The fruit fly has apposition compound eyes, which scientists have fabricated using photolithography to arrange and tune an array of microlenses. The microlenses act as "ommatidia," the insect’s tiny eye sensors. Photo credit: IOP.

Inspired by the way that nature has evolved the eyes of small insects, scientists have fabricated artificial compound eyes that could make camera lenses tiny enough to fit on credit cards or stickers.

Today’s digital micro-cameras and other optical devices use lenses based on human-type single aperture eyes. These lenses, which are manufactured with macroscopic technology, do not get thinner than about 5 mm.

However, insects such as fruit flies and moths have a completely different type of eye called compound eyes to accommodate the animals’ small size and low brain processing capabilities. Compound eyes consist of up to tens of thousands of tiny sensors called “ommatidia” that detect light and sometimes color. Flies and moths see images made of a combination of inputs from the ommatidia that point in different directions, forming a large field of view while the total volume consumption remains small.

Scientists fabricated an artificial apposition compound eye (center) that is significantly cheaper and smaller than a traditional 20-mm single lens objective (left) with the same magnification; and much smaller – though not quite as cheap – as a Euro cent (right). Photo credit: IOP.

“While human eyes use a spherical volume, compound eyes use only a spherical shell, so that much of the space and weight is saved for the brain,” Jacques Duparre, coauthor with F. C. Wippermann of a recent paper in Bioinspiration and Biomimetics, told PhysOrg.com. “The arrangement allows for a large field of view, but does not require large signal processing.”

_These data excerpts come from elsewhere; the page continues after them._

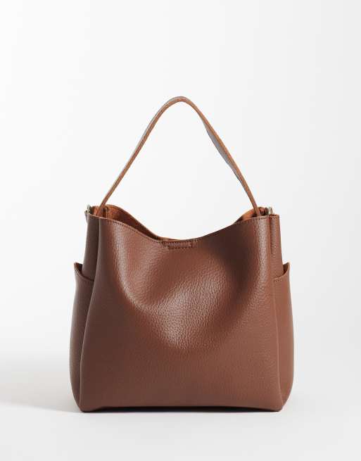 Bolso bombonera marrón de mano con correa bandolera de PASQ
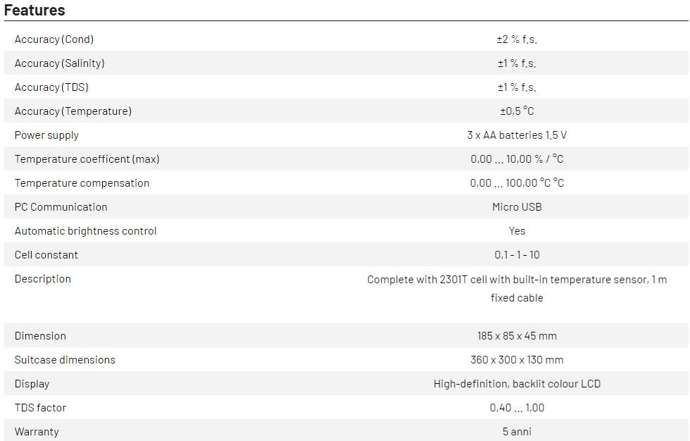 Salinity: 0.1 ppm ... 100 pptTDS: 0.01 mg / l ... 200 g / l
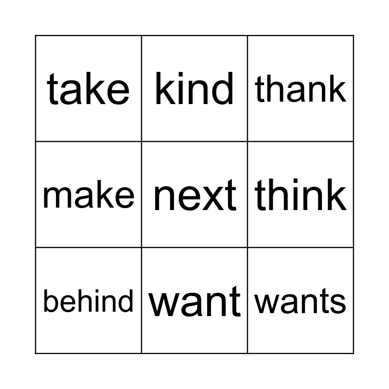 This bingo card has a free space and 11 words: what, want, wants, behind, kind, thank, think, watch, make, take and ago.
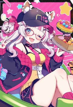 masterpiece, best quality,1girl,   headphones, animal ears, food, solo, candy, lollipop, one eye closed, bangs, hat, hair ornament, tail, glasses, long hair, handheld game console, baseball cap, looking at viewer, breasts, pink hair, jewelry, tongue, controller, heart, bow, nail polish, x hair ornament, blunt bangs, open mouth, tiger ears, smile, ring, tiger tail, jacket, blush, necktie, tray, star \(symbol\), tongue out, multicolored nails, bumper car, hair bow, ;d, cleavage, tiger girl, game controller, v, blue eyes, sitting, white hair <lora:yumenouchiXLlokr-000049:1>
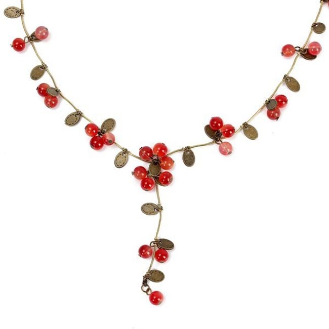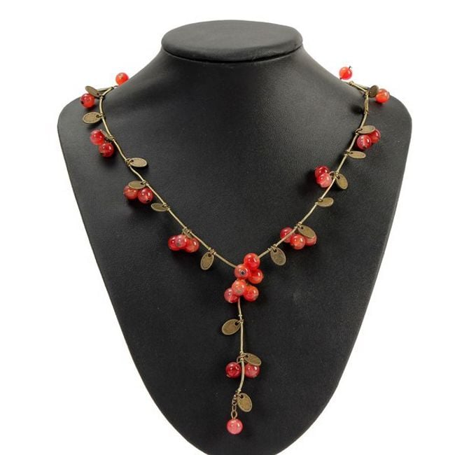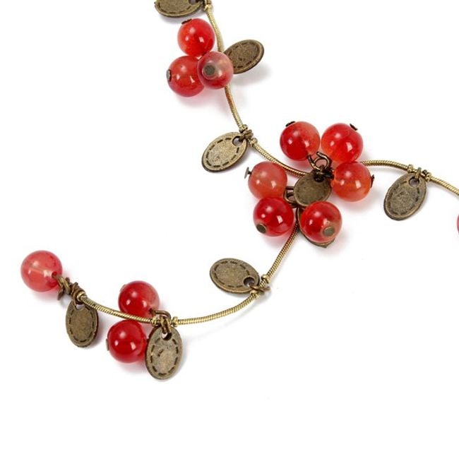 Arricchisci la tua gioielleria con questa collana, adatta per l'uso quotidiano. La collana è di colore bronzo ed è decorata con perline rosse.
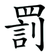 字始見西周金文,〈大盂鼎〉有「罰訟」一詞,字從刀、從网、從言。在六書中屬於會意。戰國文字與金文同。篆文字形亦上溯金文。《說文》:「罰,辠之小者。从刀詈。未以刀有所賊,但持刀罵詈則應罰。」段注:「罰為犯法之小者,刑為罰罪之重者。五罰輕於五刑。」隸書字形訛网為罒,訛刀為寸。楷書字形則仍承篆文從刀。
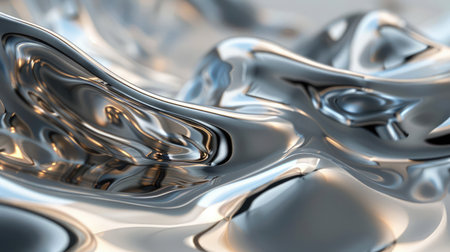 Sleek Liquid Chrome Surface with Smooth Wave Reflections A futuristic and high-gloss background featuring a seamless metallic liquid chrome texture
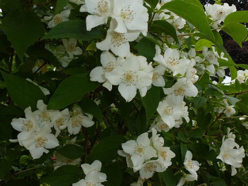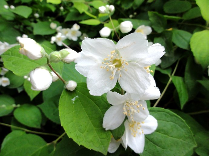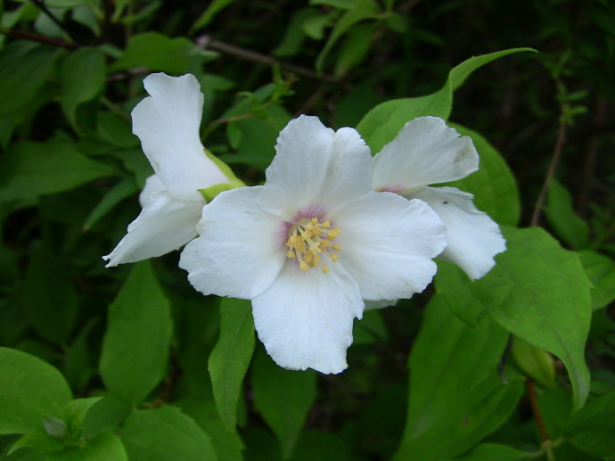 Philadelphus L. 山梅花屬,虎耳草科,約75種,我國約有15種,大部供觀賞用。該屬物種為直立灌木,枝具白髓;單葉對生,基部3~5主脈。花萼 、花瓣各4,雄蕊多數,蒴果4瓣裂。

Although single aperture eyes have advantages in resolution and sensitivity in large lenses, compound eyes have the potential to make more compact, robust and cheap vision systems. At the micro level, compound eyes’ individual viewing channels on curved lenses have minimal aberrations, or focusing errors that cause blurring. Cameras with compound eye lenses could have applications in many tight spaces, such as those encountered in automotive engineering, security and surveillance, and medical technology.

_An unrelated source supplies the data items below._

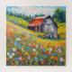 Old barn in wildflower field impressionism painting.
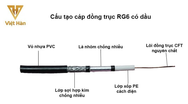 Cáp đồng trục camera chống ẩm Việt Hàn được cấu tạo thêm 1 lớp dầu Jelly tạo độ bền cao, chống ăn mòn trong môi trường ẩm ướt.
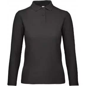 B&C hosszú ujjú galléros női póló Piqué 180 fekete
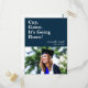 Gown boné, está descendo o Cartão-postal do Convite para Graduação Moderna de Foto Azul. Felicita o FORMANDO! Parabéns sobre seu bem merecido sucesso e celebrá-los com esta bela carta. Todos os textos estão pré-organizados para que você personalize fácil e rapidamente com seus próprios detalhes.
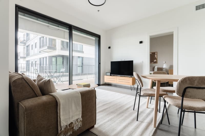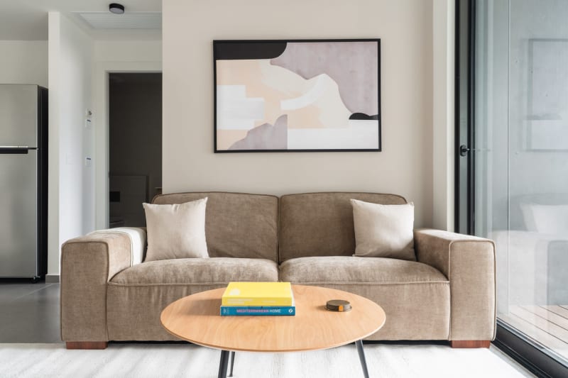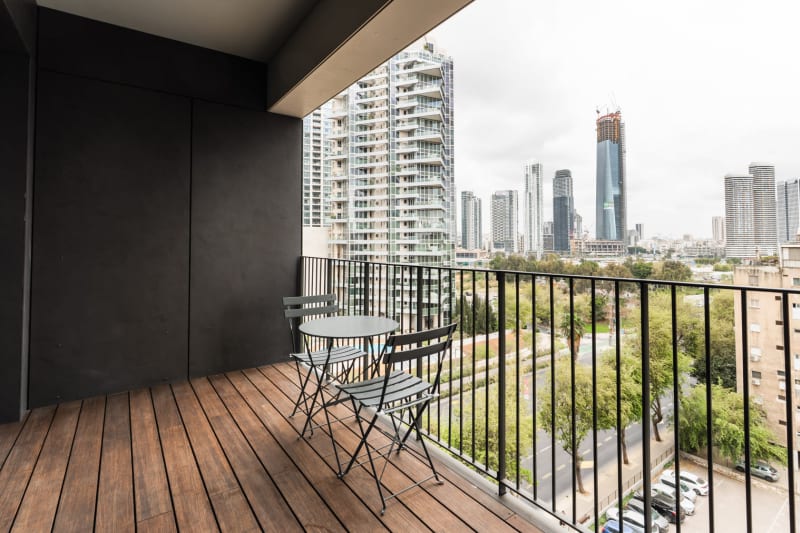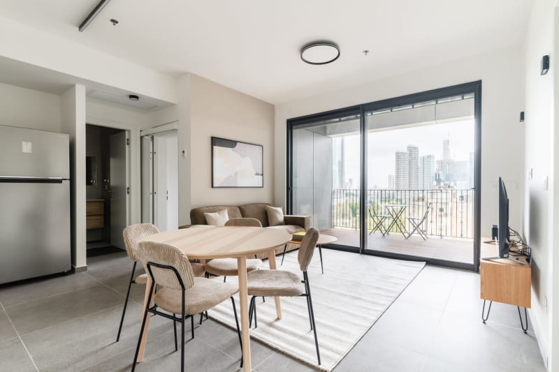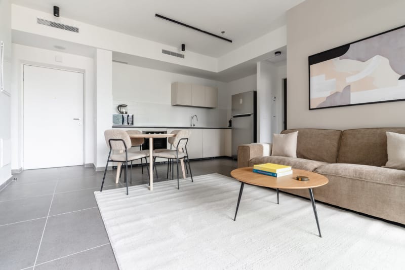 You’ll love this roomy Tel Aviv furnished two bedroom apartment with its modern decor, fully equipped kitchen, and cheery living room with great balcony views. Ideally located, you’re close to all the best that Tel Aviv has to offer! (ID #TLV69) Rates vary depending on the duration of stay, season, and other parameters. For exact pricing and additional pricing components, please visit our website and enter your desired move-in and move-out dates. The rate is applicable when billed upfront; it can be higher if billed in multiple payments. Were you looking for an unfurnished lease? Try Blueground instead and upgrade from unfurnished to furnished living: Furnished at rates comparable to unfurnished No setup or furniture costs - save thousands Move-in ready - save time, just bring your suitcase Designed with you in mind Gorgeous furniture, fully equipped kitchen, smart TV, and a premium wireless speaker are just a few of the amenities you’ll find inside this two bedroom apartment. Ideally located in Tel Aviv, you’ll find a lot to love outside as well. When you’re ready to relax, you’ll be happy to discover every bedroom comes with superior quality mattresses. We handle everything so you can simply show up and start living. This apartment also offers in-apartment laundry. Sleeping arrangements Queen Bed, 63in/160cm Queen Bed, 63in/160cm Amenities Building amenities unique to this two bedroom apartment include an on-site: Doorman Dryer Elevator Washing machine Parking Sauna Arrival and ongoing support Full Maintenance and Technical Support / cleaning requests at a click of a button. Other things to note Building amenities may have an extra cost. Parking is offered based on availability and is subject to a fee. The displayed price excludes VAT. Israeli citizens must add 18% VAT, which also applies to reservations without verified tourist status (B2/B3/B4 voucher).

“Thin lenses might have applications in flat panel displays, and we’re also working on another arrangement for minimal invasive surgery,” said Duparre, who is currently working on a patent for this arrangement.

Scientists have studied optical lenses based on natural compound eyes for more than a hundred years, but classical macroscopic technology has not provided the necessary fabrication and assembly accuracy. For the first time, Duparre and Wippermann have fabricated and tested two different compound eye lenses using state-of-the-art micro-optics technology.

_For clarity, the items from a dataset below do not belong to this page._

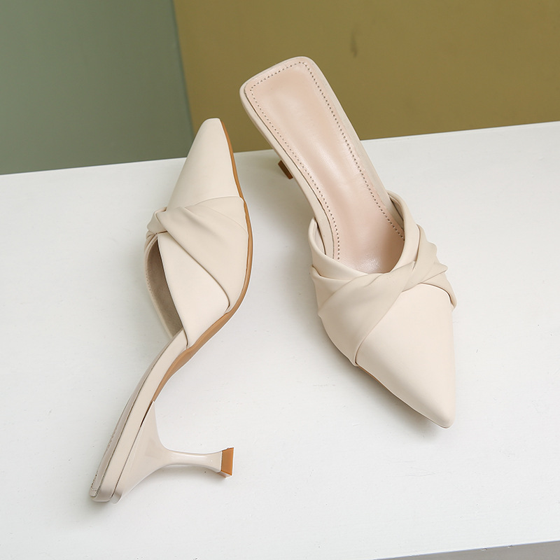 2024 Advanced Чувство заостренное мода дикий темперамент полукруга высокие каблуки новые женские тапочки внешняя торговля большой размер
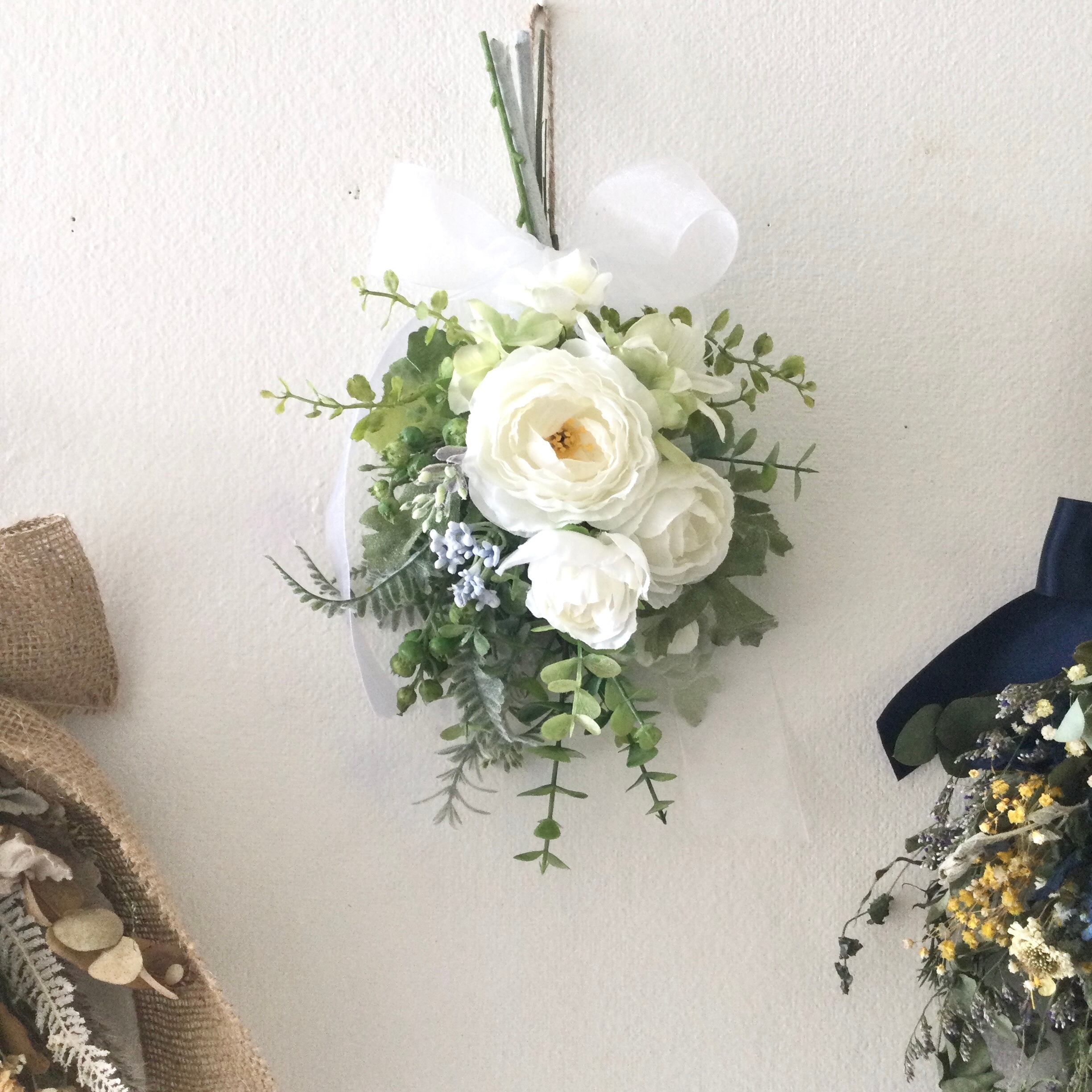 ホワイトのラナンキュラスとグリーン ナチュラルスワッグ アーティフィシャルフラワー 誕生日プレゼント 引っ越し祝い ギフト
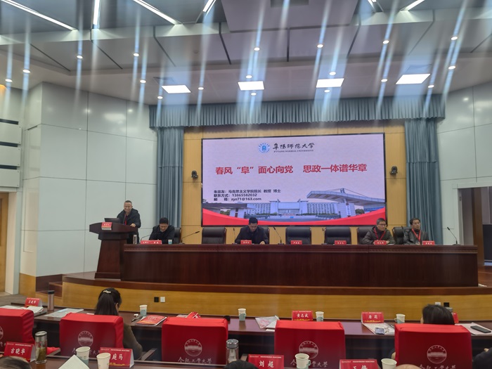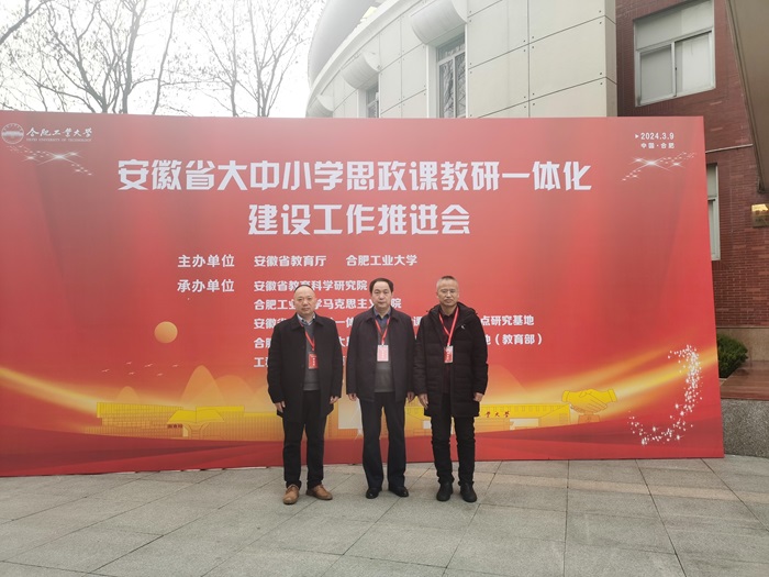 3月9日,由安徽省教育厅、合肥工业大学联合主办的安徽省大中小学思政课教研一体化建设工作推进会在合肥工业大学举行。来自全省高校的马克思主义学院,各地市教科所和大中小思政课学科专家一百多人齐聚一堂研讨交流大中小思政课一体化共同体建设。省教育厅二级巡视员林兴德、思政处处长王后林、省教科院院长王勇、省大中小思政课一体化建设专家指导组组长刘新跃等出席会议。我校研究生处处长闫成俭、马克思主义学院院长朱宗友受邀参会。朱宗友代表学校作了“春风‘阜’面心向党思政一体谱华章”的主题发言。
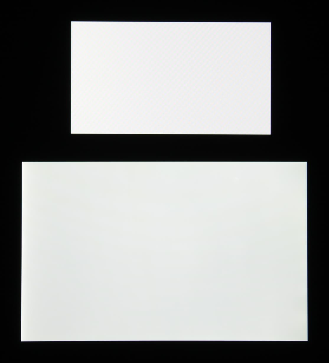 Экран характеризуется великолепными углами обзора. Правда, белый цвет при отклонении даже на небольшие углы приобретает легкий сине-зеленый оттенок, но черный цвет остается просто черным под любыми углами. Он настолько черный, что параметр контрастности в данном случае просто неприменим. При перпендикулярном взгляде равномерность белого поля хорошая. Для сравнения приведем фотографии, на которых на экраны Lumigon T3 и второго участника сравнения выведены одинаковые изображения, при этом яркость экранов изначально установлена примерно на 200 кд/м², а цветовой баланс на фотоаппарате принудительно переключен на 6500 К.
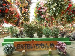 家族旅行で鬼怒川温泉に行った時に立ち寄りました。ベコニアをはじめとする5000鉢の花には、ほんとにびっくり。丁度パンフレットの撮影をしていたところだったので、私達4人家族にモデルの依頼があり、ちゃっかり撮影に参加してしまいました。パンフレットに夫婦、女の子二人の写真があったら、それは私たちです。(^^ゞ (訪問:2002/08)
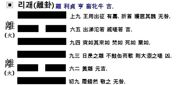 【정이천(程伊川) 전(傳)】 {괘의 재질로 말하였다. 위‧아래가 모두 리괘(離☲)인 것이 밝음을 거듭함이고, 이효와 오효가 모두 중정(中正)에 처함이 바름에 붙은 것이다. 군신과 상하가 모두 밝은 덕이 있고 중정에 있으니, 천하를 교화하여 문명한 풍속을 이룰 수 있다.}

To fabricate the first type of compound eye, called an apposition compound eye and found mainly in diurnal insects such as flies, the scientists used photolithography to arrange a microlens array on a thin silicon wafer. Acting as ommatidia, the microlenses could be specially tuned to improve homogenous resolution over the entire field of view. Further, the scientists found that the large focal depth of apposition compound eyes cancels the need to adjust lens focus for distant or near objects.

The second type of compound eye, found mainly in nocturnal insects such as moths and deep water crustaceans such as shrimp, have greater light sensitivity than apposition compound eyes. Comprised of an array of microtelescopes, these eyes are known as superposition compound eyes or simply cluster eyes. Using reactive ion etching to transfer the microlenses onto fused silica, the scientists fabricated cluster eyes whose individual lenses also improved resolution homogeneity. Compared with apposition compound eyes, cluster eyes require thicker objectives but offer higher resolution. Both types have potential for use in tiny cameras.

“Deciding between the apposition and cluster eyes depends on the required resolution vs. compactness vs. price,” said Duparre. “The apposition eye will be cheaper and smaller but have lower resolution. It thus will more work like an imaging optical sensor, while the cluster eye could actually be used to present images directly to a customer, but is more complex.”

These advantages of artificial compound eyes were discovered despite one major technical drawback: both types of compound eyes were arranged on a flat surface, while the curved base of natural insect eyes offer several advantages. Hopefully, a special type of laser beam writer currently being developed could fabricate compound eyes on curved surfaces.

Citation: Duparre, J. W. and Wippermann, F. C. Micro-optical artificial compound eyes. Bioinspiration and Biomimetics. 1 (2006) R1-R16.